Take a look at beaverdam WMA also.


----------



## chrislibby88 (Apr 15, 2019)

Davexx1 said:


> I have a 512 22 mag. It shoots fast and pretty good, but not as tight groups as a good bolt gun. My 512 is one of the first with dual recoil rods and it has a real rough trigger. They fixed that problem in the newer guns. I have never had a jam, fail to fire or eject. A good trigger job would probably help my gun a lot.


I wouldn’t worry about super tighht groups really. I hunted small game last year with a .22 mag and all of my shots were inside of 50 yards, actually most were inside of 30. I usually try to stalk in pretty close and get a clean headshot. 22 mag is more than adequate for close headshots. Just go for between the eye and ear, or between the eyes.


----------



## Jonboater (Apr 16, 2019)

22 mag behind the shoulder will put one down with ease also.


----------



## FrChs28 (Apr 28, 2019)

On another note, I keep hearing about how invasive these hogs are, and the inability to control them. I hunted public land in N. Carolina, and last February in Georgia. Nothing for nothing, but the sign I saw was scarce. Is the problem mainly on private land ? If both public and private, am I just hunting in the wrong places ?


----------



## Jester896 (Apr 28, 2019)

must be the wrong place....between traps and night hunting a buddy of mine has killed 125 the first 3 months this year on his place...he is on the edge of Chickasawhatchee...strong breeding ground there


----------



## oldguy (Apr 29, 2019)

Jester896 said:


> must be the wrong place....between traps and night hunting a buddy of mine has killed 125 the first 3 months this year on his place...he is on the edge of Chickasawhatchee...strong breeding ground there


More like a sanctuary - as are all the WMAs with their restrictions on weapons, seasons, baiting etc. The DNR should declare war on the hogs and let you kill them anytime, anyway...
Just like your friend, private landowners work like crazy to reduce the populations, meanwhile the hogs in the WMA sanctuaries continue to reproduce and spill over onto private land. Not to mention the tremendous damage they do to native wildlife and habitat on the WMAs. Hogs are a way yonder bigger nusiance than coyotes and should be exterminated. Let folks trap 'em, run 'em with dogs, bait 'em, shoot ' em day and night, riding in their trucks, year-round, just kill hogs period.


----------



## transfixer (Apr 29, 2019)

FrChs28 said:


> On another note, I keep hearing about how invasive these hogs are, and the inability to control them. I hunted public land in N. Carolina, and last February in Georgia. Nothing for nothing, but the sign I saw was scarce.
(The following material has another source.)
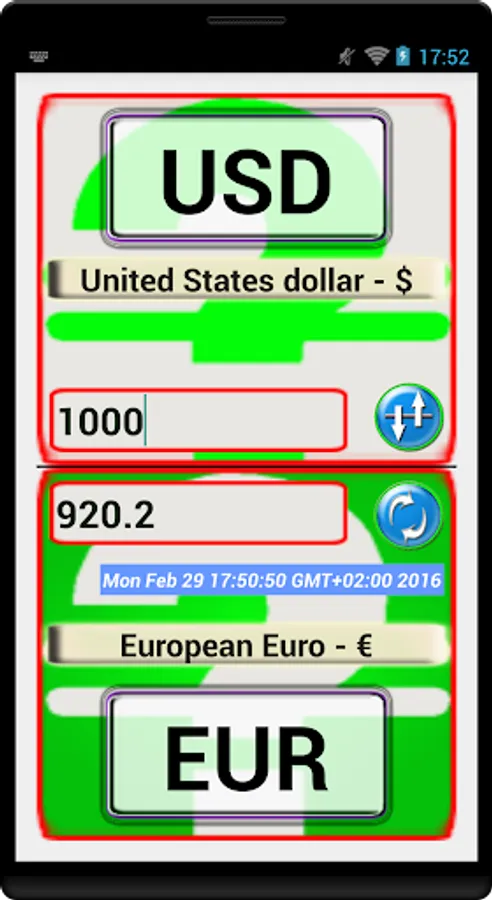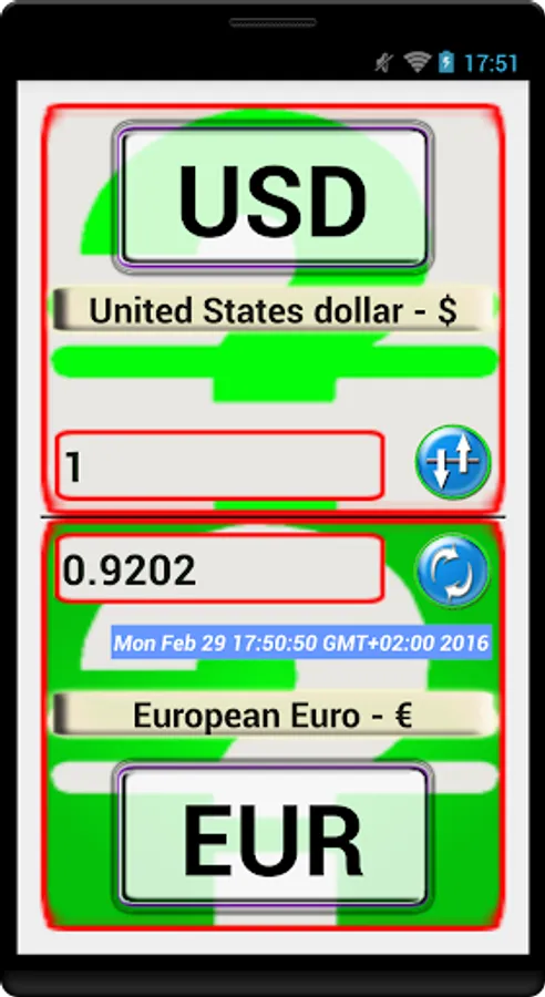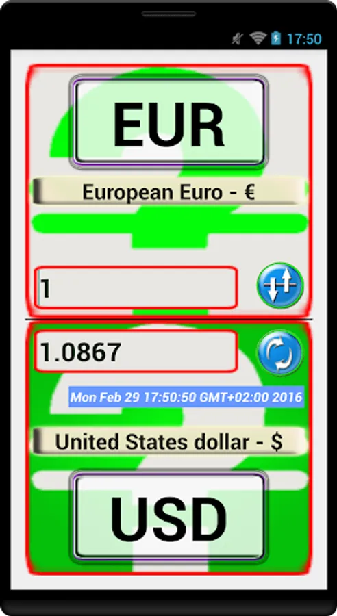 (this app is using a free web service that change the rate every 30 minutes).

Is the problem mainly on private land ? If both public and private, am I just hunting in the wrong places ?



    I've found hogs are hard to pattern,  except they seem to stay within a few hundred yards of a constant water source/wet area,  on our lease they are on the bottom end and backside of our property, we have a creek on the bottom end, and the backside is low lying,  ground stays wet most of the time,    they are never seen on the opposite side of our lease,  which is higher ground.


----------



## FrChs28 (Apr 29, 2019)

oldguy said:


> More like a sanctuary - as are all the WMAs with their restrictions on weapons, seasons, baiting etc. The DNR should declare war on the hogs and let you kill them anytime, anyway...
> Just like your friend, private landowners work like crazy to reduce the populations, meanwhile the hogs in the WMA sanctuaries continue to reproduce and spill over onto private land. Not to mention the tremendous damage they do to native wildlife and habitat on the WMAs. Hogs are a way yonder bigger nusiance than coyotes and should be exterminated. Let folks trap 'em, run 'em with dogs, bait 'em, shoot ' em day and night, riding in their trucks, year-round, just kill hogs period.
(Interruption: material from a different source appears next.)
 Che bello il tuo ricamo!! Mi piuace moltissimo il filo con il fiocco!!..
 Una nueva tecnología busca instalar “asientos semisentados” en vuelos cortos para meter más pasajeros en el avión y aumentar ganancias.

I agree, they get carried away with the regs. Makes you wonder.


----------



## FrChs28 (Apr 29, 2019)

transfixer said:


> I've found hogs are hard to pattern,  except they seem to stay within a few hundred yards of a constant water source/wet area,  on our lease they are on the bottom end and backside of our property, we have a creek on the bottom end, and the backside is low lying,  ground stays wet most of the time,    they are never seen on the opposite side of our lease,  which is higher ground.


Yes, unlike deer, the sign just tells you where they were. Doesn’t always mean they’ll be back.


----------



## transfixer (Apr 29, 2019)

FrChs28 said:


> Yes, unlike deer, the sign just tells you where they were. Doesn’t always mean they’ll be back.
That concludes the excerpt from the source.